Earlier this month, the U.S. Senate passed House Joint Resolution 66, which reversed a Department of Labor ruling that provides guidance to state sponsored IRA programs such as Secure Choice. On Wednesday, President Trump signed the legislation and it became law following intense lobbying from a handful of Wall Street interests seeking to end the program.
Regardless, the California Secure Choice program stands on firm legal and statutory ground and will proceed without delay.
“President Trump and Congressional Republicans style themselves as populist champions of every-day Americans, but instead they have acted to align themselves with Wall Street interests,” Treasurer Chiang said. “While I am deeply disappointed in this most recent example of the typical Beltway deal-making, which always seems to favor Wall Street bankers over Main Street workers, I am more resolute than ever to standing-up Secure Choice so that all Californians can have a dignified retirement.”

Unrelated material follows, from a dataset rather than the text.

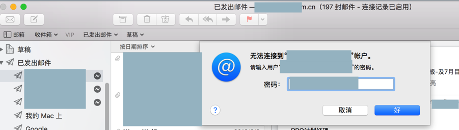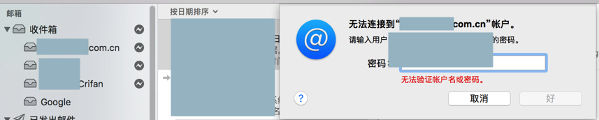 之前能正常使用的Mac的邮箱,去代收某公司的阿里云的企业邮箱

The Secure Choice Retirement Savings Investment Board hired the law firm K&L Gates to provide advice on the viability of the program going forward.
“This legal opinion affirms what we’ve been saying all along—California has the right and ability to move forward, irrespective of Congressional Republicans that are trying to block us,” author of the landmark legislation to create Secure Choice (SB 1234), Senator de León, said. “Millions of hardworking Californians will not be denied retirement security due to a handful of Wall Street bankers.”
The Treasurer has consulted with legislative leaders and legal counsel and said he is “confident that California is on a strong legal footing in moving forward to make Secure Choice a reality.”
Secure Choice, which was signed into law by Gov. Jerry Brown last November, has been hailed as the most significant expansion in retirement security since the passage of the Social Security Act in 1935.
The Secure Choice plan enables employees to save for retirement through payroll contributions. The program will be self-sustaining through participant fees and will impose a minimal cost to employers and no cost to taxpayers.
The mandate for employers to make the program available to their employees will not become operative for at least two years and will be phased in over a three-year period based on the number of employees in a firm.